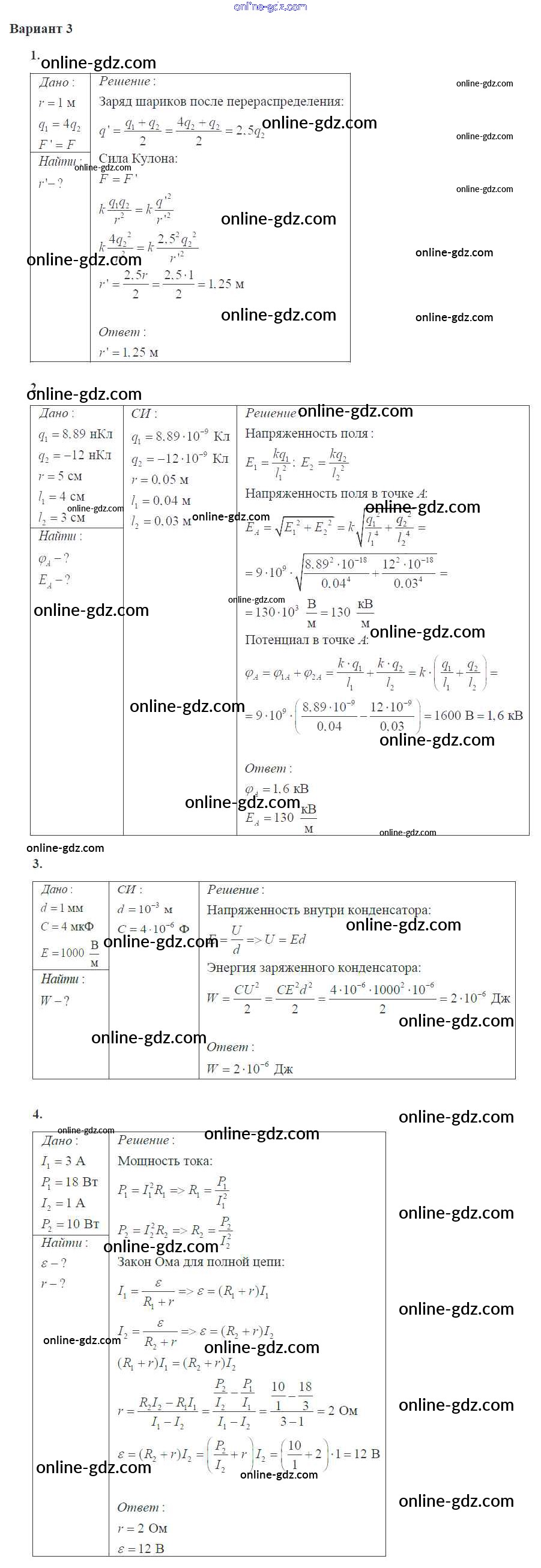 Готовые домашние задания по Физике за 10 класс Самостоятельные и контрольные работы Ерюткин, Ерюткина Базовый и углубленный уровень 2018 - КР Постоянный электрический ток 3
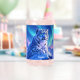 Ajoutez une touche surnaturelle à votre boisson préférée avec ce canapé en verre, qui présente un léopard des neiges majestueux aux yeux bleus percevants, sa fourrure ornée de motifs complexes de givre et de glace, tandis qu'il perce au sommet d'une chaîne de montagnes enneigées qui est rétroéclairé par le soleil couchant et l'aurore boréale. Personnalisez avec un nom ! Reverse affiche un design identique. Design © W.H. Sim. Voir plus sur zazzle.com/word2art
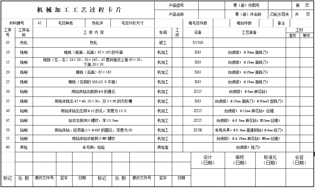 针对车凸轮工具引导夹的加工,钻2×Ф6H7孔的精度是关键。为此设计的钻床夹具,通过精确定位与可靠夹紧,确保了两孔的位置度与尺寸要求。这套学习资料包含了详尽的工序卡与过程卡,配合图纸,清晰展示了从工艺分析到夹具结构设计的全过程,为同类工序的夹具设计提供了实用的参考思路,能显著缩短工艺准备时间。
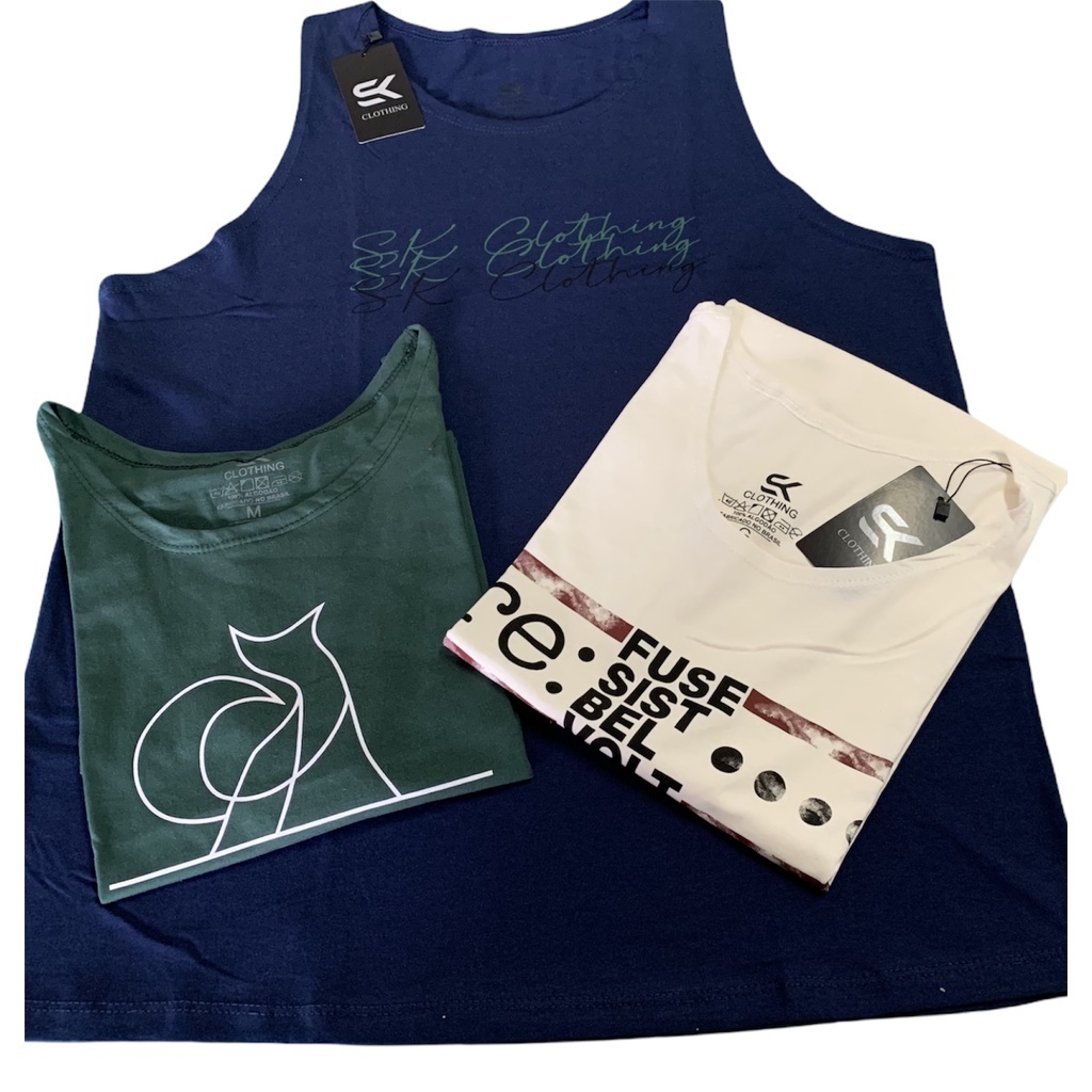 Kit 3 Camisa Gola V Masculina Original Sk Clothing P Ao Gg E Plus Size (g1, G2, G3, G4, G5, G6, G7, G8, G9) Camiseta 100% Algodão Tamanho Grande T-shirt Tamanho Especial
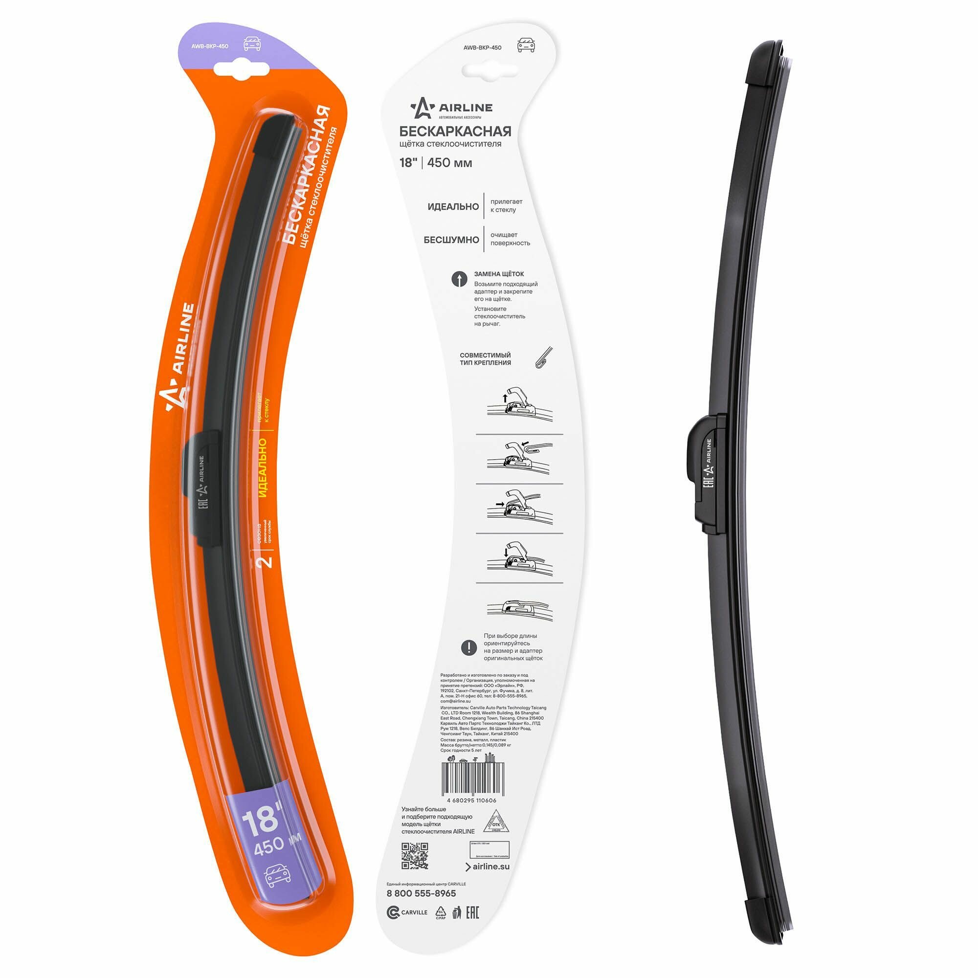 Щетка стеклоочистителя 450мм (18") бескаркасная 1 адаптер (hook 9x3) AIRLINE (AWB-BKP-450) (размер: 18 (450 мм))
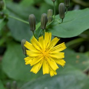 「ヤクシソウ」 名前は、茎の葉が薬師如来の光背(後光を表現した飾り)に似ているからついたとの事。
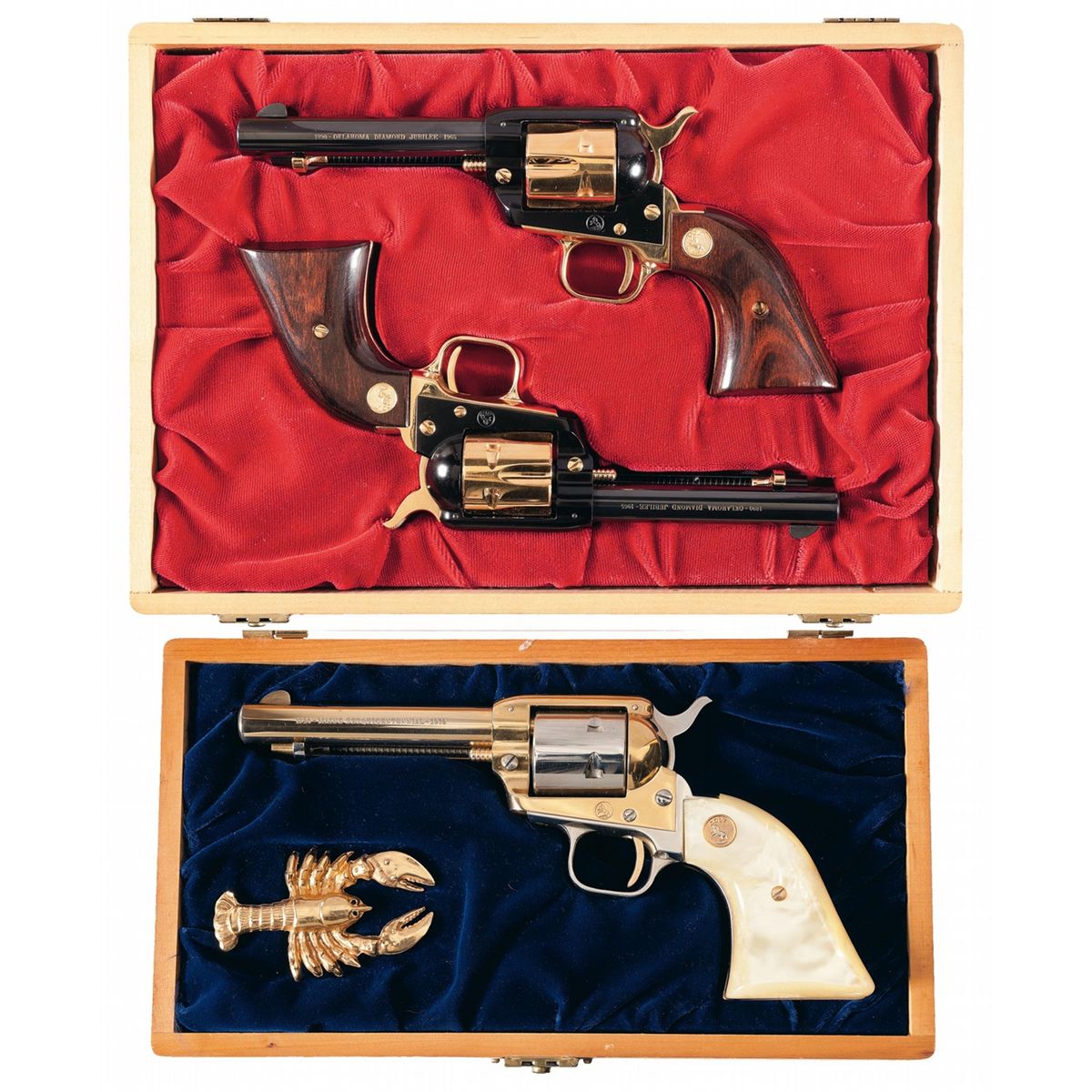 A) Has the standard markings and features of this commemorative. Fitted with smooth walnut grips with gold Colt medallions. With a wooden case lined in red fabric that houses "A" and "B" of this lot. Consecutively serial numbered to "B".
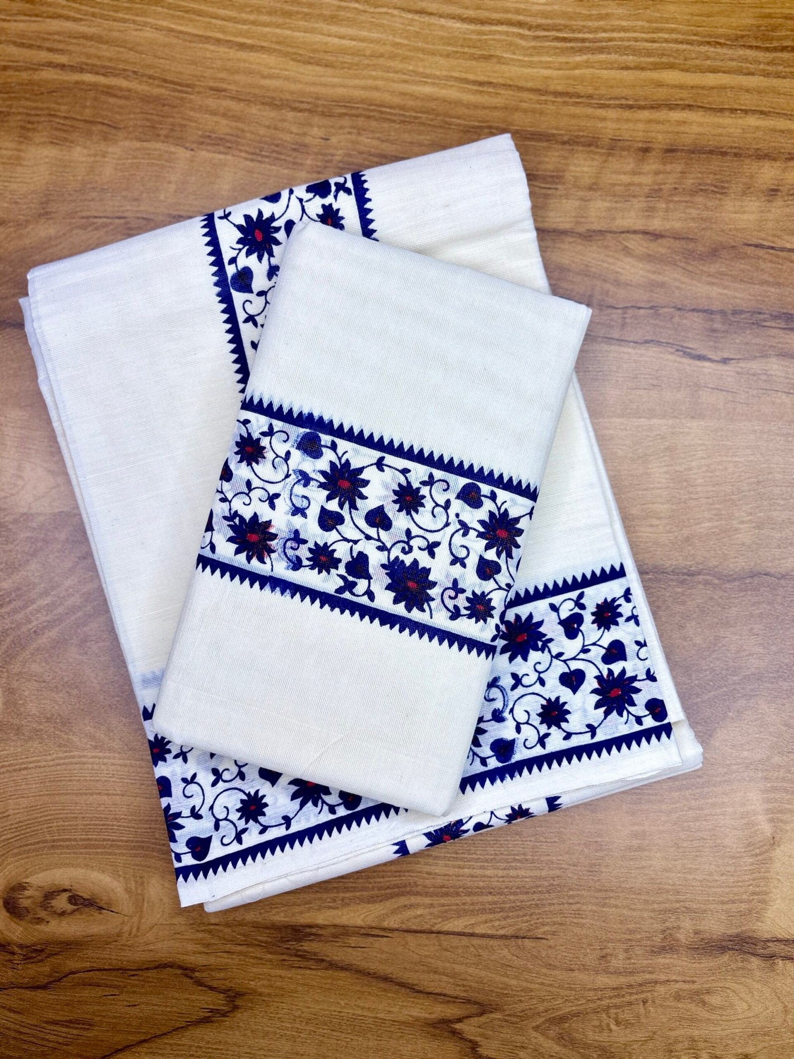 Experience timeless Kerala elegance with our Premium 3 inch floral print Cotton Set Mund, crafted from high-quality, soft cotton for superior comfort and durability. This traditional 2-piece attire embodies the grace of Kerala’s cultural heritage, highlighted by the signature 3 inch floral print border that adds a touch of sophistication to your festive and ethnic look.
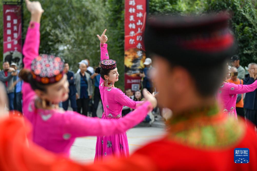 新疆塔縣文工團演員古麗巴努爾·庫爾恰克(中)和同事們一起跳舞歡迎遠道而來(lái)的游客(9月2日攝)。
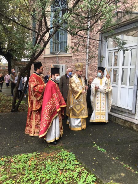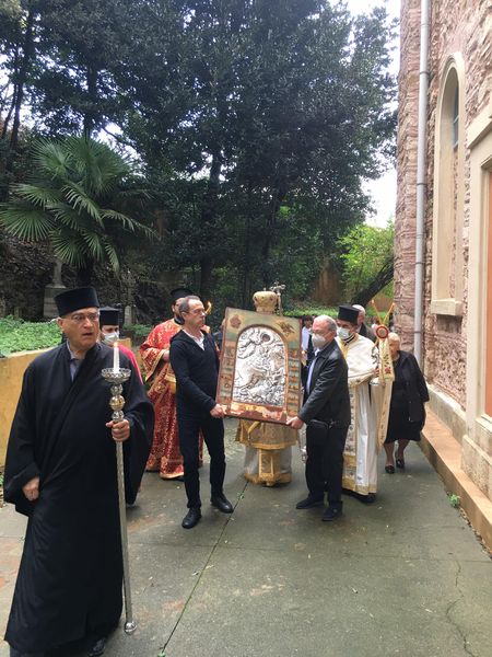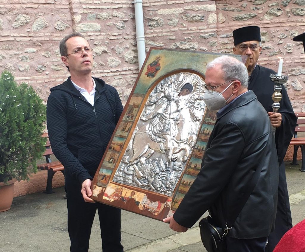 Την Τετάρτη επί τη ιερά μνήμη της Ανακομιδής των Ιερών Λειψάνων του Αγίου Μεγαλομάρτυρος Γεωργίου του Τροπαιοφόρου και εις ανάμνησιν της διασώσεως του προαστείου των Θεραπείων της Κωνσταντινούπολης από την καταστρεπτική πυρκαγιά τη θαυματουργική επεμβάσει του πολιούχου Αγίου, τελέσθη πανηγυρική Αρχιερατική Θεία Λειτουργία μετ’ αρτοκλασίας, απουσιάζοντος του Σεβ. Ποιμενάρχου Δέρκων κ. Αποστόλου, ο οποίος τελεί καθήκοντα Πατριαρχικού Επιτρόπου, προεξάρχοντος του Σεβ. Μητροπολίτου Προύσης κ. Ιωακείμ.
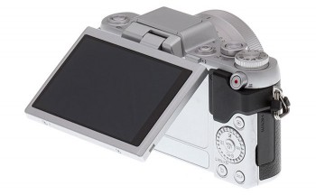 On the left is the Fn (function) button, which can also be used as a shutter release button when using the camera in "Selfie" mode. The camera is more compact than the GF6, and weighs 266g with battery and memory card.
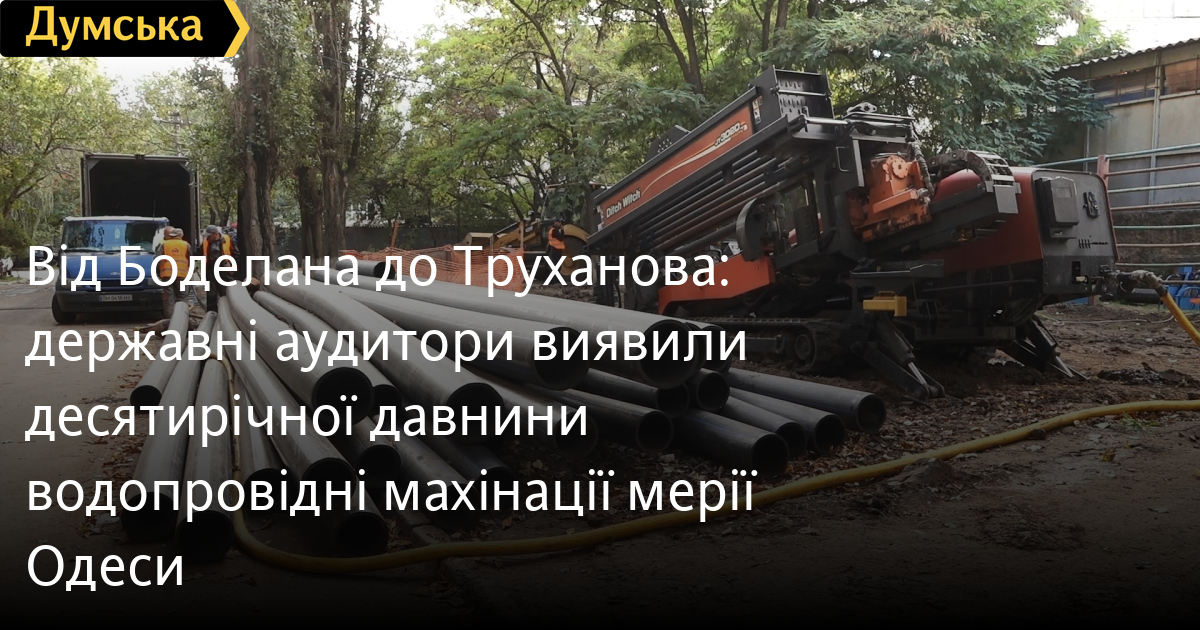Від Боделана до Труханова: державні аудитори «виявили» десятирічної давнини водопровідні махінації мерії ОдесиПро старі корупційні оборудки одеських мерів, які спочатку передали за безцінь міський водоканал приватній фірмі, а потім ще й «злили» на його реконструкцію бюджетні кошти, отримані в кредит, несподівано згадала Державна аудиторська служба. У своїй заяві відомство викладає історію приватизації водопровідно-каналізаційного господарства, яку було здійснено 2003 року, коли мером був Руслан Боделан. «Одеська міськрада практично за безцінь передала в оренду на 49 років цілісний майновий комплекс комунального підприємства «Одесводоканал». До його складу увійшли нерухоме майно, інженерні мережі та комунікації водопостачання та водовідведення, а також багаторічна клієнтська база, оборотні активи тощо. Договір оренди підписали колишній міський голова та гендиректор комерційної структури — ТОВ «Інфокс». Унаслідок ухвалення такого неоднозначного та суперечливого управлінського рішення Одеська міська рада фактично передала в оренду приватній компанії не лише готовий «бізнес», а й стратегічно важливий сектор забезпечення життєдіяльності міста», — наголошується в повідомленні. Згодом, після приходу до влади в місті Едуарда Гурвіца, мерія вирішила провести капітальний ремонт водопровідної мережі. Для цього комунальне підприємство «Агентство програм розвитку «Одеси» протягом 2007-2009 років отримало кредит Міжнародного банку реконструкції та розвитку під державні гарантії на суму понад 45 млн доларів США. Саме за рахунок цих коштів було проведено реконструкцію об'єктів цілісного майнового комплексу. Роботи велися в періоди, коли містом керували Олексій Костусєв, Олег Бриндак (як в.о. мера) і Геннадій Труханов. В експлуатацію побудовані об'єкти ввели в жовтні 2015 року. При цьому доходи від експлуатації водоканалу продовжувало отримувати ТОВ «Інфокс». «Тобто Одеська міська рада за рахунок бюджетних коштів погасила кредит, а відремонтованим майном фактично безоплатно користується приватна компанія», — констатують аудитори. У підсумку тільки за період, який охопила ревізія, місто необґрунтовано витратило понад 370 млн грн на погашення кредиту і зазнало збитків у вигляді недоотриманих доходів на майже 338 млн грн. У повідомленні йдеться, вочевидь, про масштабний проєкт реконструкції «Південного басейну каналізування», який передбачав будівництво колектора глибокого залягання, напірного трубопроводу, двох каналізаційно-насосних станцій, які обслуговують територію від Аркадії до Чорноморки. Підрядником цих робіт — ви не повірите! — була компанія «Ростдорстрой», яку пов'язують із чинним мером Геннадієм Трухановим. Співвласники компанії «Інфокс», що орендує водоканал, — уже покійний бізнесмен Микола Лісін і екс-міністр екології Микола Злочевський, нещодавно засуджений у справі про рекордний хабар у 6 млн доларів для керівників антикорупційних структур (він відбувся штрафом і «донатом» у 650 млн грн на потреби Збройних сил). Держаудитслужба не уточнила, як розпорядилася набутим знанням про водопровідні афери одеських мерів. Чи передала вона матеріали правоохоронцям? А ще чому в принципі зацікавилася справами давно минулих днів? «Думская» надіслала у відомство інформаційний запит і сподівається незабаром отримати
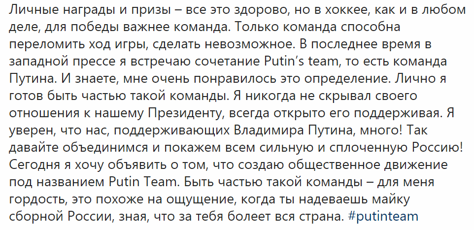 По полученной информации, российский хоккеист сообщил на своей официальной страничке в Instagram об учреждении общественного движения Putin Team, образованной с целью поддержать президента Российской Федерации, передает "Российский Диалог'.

━━━━━━━━━━━━━━━━━━━━━━━━━━━━━━

Problem requirements -
Only lines belong in the copy: transcribe those from the start of the data through the line that contains "Kit 3 Camisa", and skip the pictures.

Response for this exercise -
 Готовые домашние задания по Физике за 10 класс Самостоятельные и контрольные работы Ерюткин, Ерюткина Базовый и углубленный уровень 2018 - КР Постоянный электрический ток 3
 Ajoutez une touche surnaturelle à votre boisson préférée avec ce canapé en verre, qui présente un léopard des neiges majestueux aux yeux bleus percevants, sa fourrure ornée de motifs complexes de givre et de glace, tandis qu'il perce au sommet d'une chaîne de montagnes enneigées qui est rétroéclairé par le soleil couchant et l'aurore boréale. Personnalisez avec un nom ! Reverse affiche un design identique. Design © W.H. Sim. Voir plus sur zazzle.com/word2art
 针对车凸轮工具引导夹的加工,钻2×Ф6H7孔的精度是关键。为此设计的钻床夹具,通过精确定位与可靠夹紧,确保了两孔的位置度与尺寸要求。这套学习资料包含了详尽的工序卡与过程卡,配合图纸,清晰展示了从工艺分析到夹具结构设计的全过程,为同类工序的夹具设计提供了实用的参考思路,能显著缩短工艺准备时间。
 Kit 3 Camisa Gola V Masculina Original Sk Clothing P Ao Gg E Plus Size (g1, G2, G3, G4, G5, G6, G7, G8, G9) Camiseta 100% Algodão Tamanho Grande T-shirt Tamanho Especial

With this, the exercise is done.